The ensuing depression is contagious. No matter the reason, if your kids are crying on Christmas, you feel like a failure.

This year, however, as it all began to unravel, I wasn't all that fazed. I didn't even reach for a drink. Before the big day, I had tried something different: I consumed a steady stream of Saint Vitus and Charles Bukowski. And while I'm not exactly sure why, that did the trick.

Monday, December 20, 2010

Can you believe this shit?

It's really hard to write about my mom without making her sound like some crazy roommate from hell. For one thing, she's a great liar. Not because she's a believable liar, but because she refuses to throw in the towel.

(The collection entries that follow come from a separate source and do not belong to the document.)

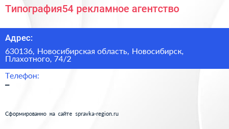 Типография54, рекламное агентство по адресу 630136, Новосибирская область, Новосибирск, Плахотного, 74/2 в дальнейшем Организация, размещена в следующих категориях:
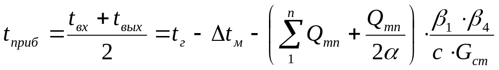 Средняя температура воды в нагревательном приборе однотрубной системы отопления в общем случае определяется выражением:
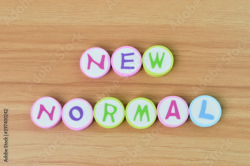 Top view of alphabet erasers with text NEW NORMAL over wooden background.
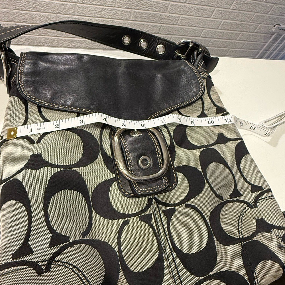 This elegant Coach shoulder bag features the iconic 'C' monogram pattern in a sophisticated black and gray color scheme. Crafted with a black leather trim and an adjustable shoulder strap, it offers both style and comfort. The medium-sized design with a flap closure makes it a versatile accessory for any occasion.
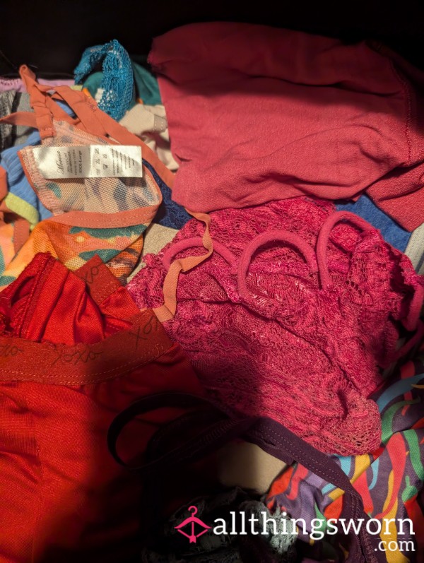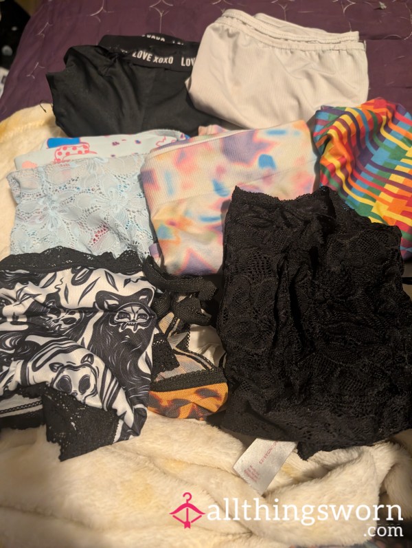 Well worn Grey gray and pink panties comes with 48 hour wear! +$10 for shipping outside the US...
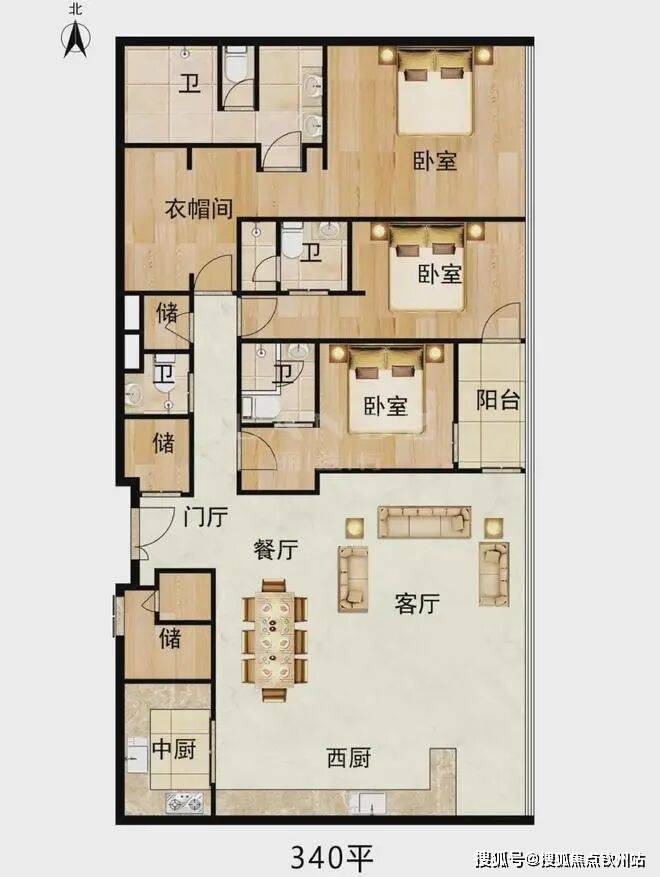 3、户型选择:主力户型为340㎡、480㎡、620㎡三种,配备2梯1户专梯入户、270°海景视野及智能家居系统。

After she kicked my dad out, my mom really took control of the house. My sister and I could always stay there. We just couldn't use the stove. Or the microwave. Or the toaster oven, the washer, the dryer, or the garage door. Basically anything with moving parts. Personally I think it was her way of kicking us out and keeping us from moving back in. This way, she could spend her days undisturbed and in her bedroom, surrounded by People magazines, throwing back Tostino's pizza rolls, and watching Montel with the ferocity of a heroin addict.

Anyway, because Mom had no idea how to fix stuff and was too stubborn to ask my dad to come over to help, most of the appliances we were forbidden to use eventually broke down. Yet she had a hard time facing this fact.

The kicker came when the sewage line broke and Mom's, ahem, collective fecal output began erupting into the backyard. Fortunately I was gone by then. But when I came back, saw it, and tried to inform her, she refused to acknowledge it.

"Look," I said, having dragged her down to the back porch. "It's spewing shit."

Below us, little burps came from a pond of smooth, greenish-chocolate mud. Sprinkled on its surface, like coconut flakes, were tiny bits of toilet paper. A cloud of bugs circled and landed, as if we were watching the world's tiniest, busiest airport.

"No it's not," Mom said. "I don't see anything."

She turned back toward the house, shaking her head and pointing at me.

"You're seeing things," she added, holding up the bottom of her bathrobe as she climbed the top stair. "I think you need to lay off the sauce."

From the corner of her mouth I caught the edge of a sly grin. Then Mom quickly shut the back door, as if I wouldn't be able to hear her laugh.